Collected data: Begin

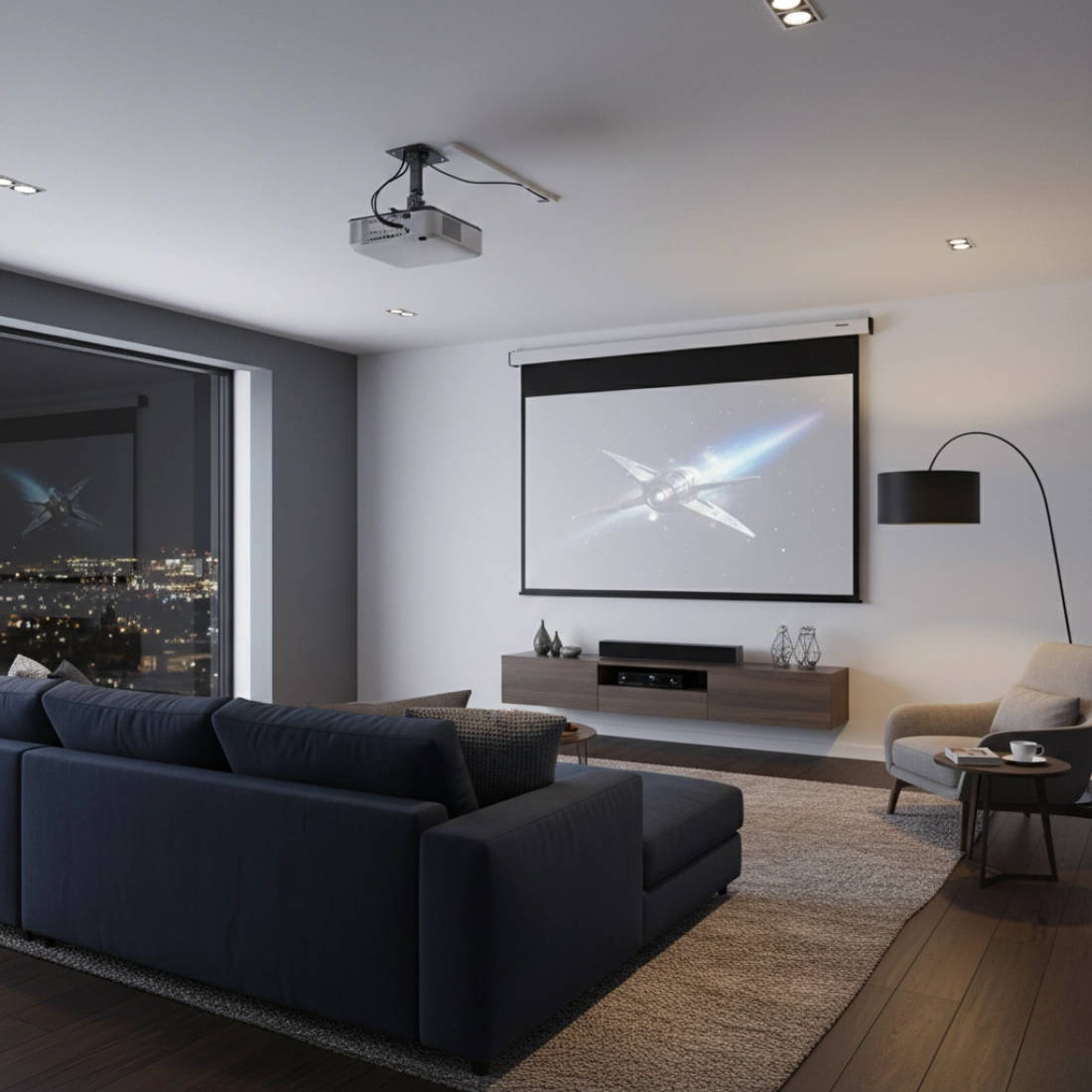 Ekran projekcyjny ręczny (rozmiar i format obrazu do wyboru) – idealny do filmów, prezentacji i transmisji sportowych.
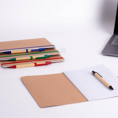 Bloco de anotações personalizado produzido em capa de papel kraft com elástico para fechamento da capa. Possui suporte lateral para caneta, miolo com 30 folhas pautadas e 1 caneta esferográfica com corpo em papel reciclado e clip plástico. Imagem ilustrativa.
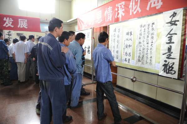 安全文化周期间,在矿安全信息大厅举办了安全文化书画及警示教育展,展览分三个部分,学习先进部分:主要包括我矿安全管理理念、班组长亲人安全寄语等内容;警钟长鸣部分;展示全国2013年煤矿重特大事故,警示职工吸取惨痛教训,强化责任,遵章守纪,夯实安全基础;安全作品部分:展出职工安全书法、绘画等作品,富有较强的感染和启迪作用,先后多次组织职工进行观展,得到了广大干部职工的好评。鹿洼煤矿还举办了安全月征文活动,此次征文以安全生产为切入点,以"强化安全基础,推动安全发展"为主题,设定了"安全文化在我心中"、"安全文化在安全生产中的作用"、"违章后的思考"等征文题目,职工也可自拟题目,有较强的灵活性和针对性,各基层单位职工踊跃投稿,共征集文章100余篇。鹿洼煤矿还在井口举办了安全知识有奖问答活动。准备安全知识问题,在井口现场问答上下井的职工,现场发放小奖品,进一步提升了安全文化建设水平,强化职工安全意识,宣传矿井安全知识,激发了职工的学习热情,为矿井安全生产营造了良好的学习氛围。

Collected data: End

» **Exercise description**
Give back, exactly as written, the lines from the top of the material through the line with "Bloco de anotações", ends included and pictures left aside.

» **Output of the exercise**
 Ekran projekcyjny ręczny (rozmiar i format obrazu do wyboru) – idealny do filmów, prezentacji i transmisji sportowych.
 Bloco de anotações personalizado produzido em capa de papel kraft com elástico para fechamento da capa. Possui suporte lateral para caneta, miolo com 30 folhas pautadas e 1 caneta esferográfica com corpo em papel reciclado e clip plástico. Imagem ilustrativa.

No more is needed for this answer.